In 1856, Dufferin commissioned the schooner Foam and set off on a journey around the North Atlantic. He first made landfall on Iceland, where he visited the then very small Reykjavík, the plains of Þingvellir, and Geysir. Returning to Reykjavík, Foam was towed north by Prince Napoleon, who was on an expedition to the region in the steamer La Reine Hortense. Dufferin sailed close to Jan Mayen Island, but was unable to land there due to heavy ice and caught only a very brief glimpse of the island through the fog. From Jan Mayen, Foam sailed on to northern Norway, stopping at Hammerfest before sailing for Spitzbergen.

On his return, Dufferin published a book about his travels, Letters From High Latitudes.
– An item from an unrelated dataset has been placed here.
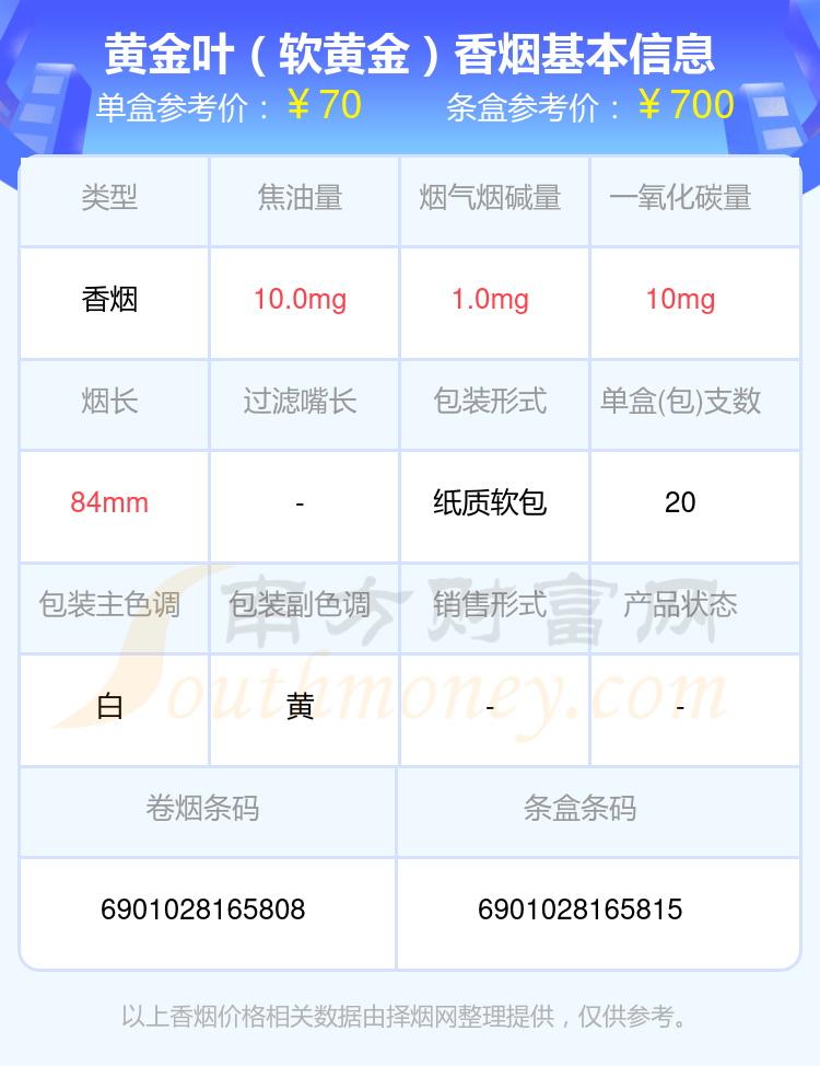 擇煙網(wǎng)為大家盤點(diǎn)了黃金葉香煙50~80元左右的,分別有黃金葉(小天葉)、黃金葉(小天葉紅旗渠)、黃金葉(軟黃金)、黃金葉(天尊)、黃金葉(上河圖)、黃金葉(云臺(tái)山)、黃金葉(三門峽)、黃金葉(洛陽天香)、黃金葉(洛陽牡丹細(xì)支煙)、黃金葉(天香細(xì)支)等,詳細(xì)價(jià)格如下:

With its irreverent style and lively pace, it was extremely successful and can be regarded as the prototype of the comic travelogue. It remained in print for many years and was translated into French, German and Urdu. The letters were nominally written to his mother, with whom he had developed a very close relationship after the death of his father when he was 15.

==A natural diplomat==
Despite the great success of Letters From High Latitudes, Dufferin did not pursue a career as an author, although he was known for his skilful writing throughout his career. Instead, he became a public servant, with his first major public appointment in 1860 as British representative on a commission to Syria to investigate the causes of a civil war earlier that year in which the Maronite Christian population had been subject to massacres by the Muslim and Druze populations. In light of this work in June 1861 he was appointed Knight Commander of the Order of the Bath. Working with French, Russian, Prussian and Turkish representatives on the commission, Dufferin proved remarkably successful in achieving the objectives of British policy in the area. He upheld Turkish rule in the area, and prevented the French from establishing a client state in Lebanon, later securing the removal of a French occupying force in Syria. He also defended the interests of the Druze community, with whom Britain had a long association. The other parties on the commission were inclined to repress the Druze population, but Dufferin argued that had the Christians won the war they would have been just as bloodthirsty. The long-term plan agreed by the commission for the governance of the region was largely that proposed by Dufferin — that Lebanon should be governed separately from the rest of Syria, by a Christian Ottoman who was not a native of Syria. He was appointed a Knight of the Order of Saint Patrick on 28 January 1864.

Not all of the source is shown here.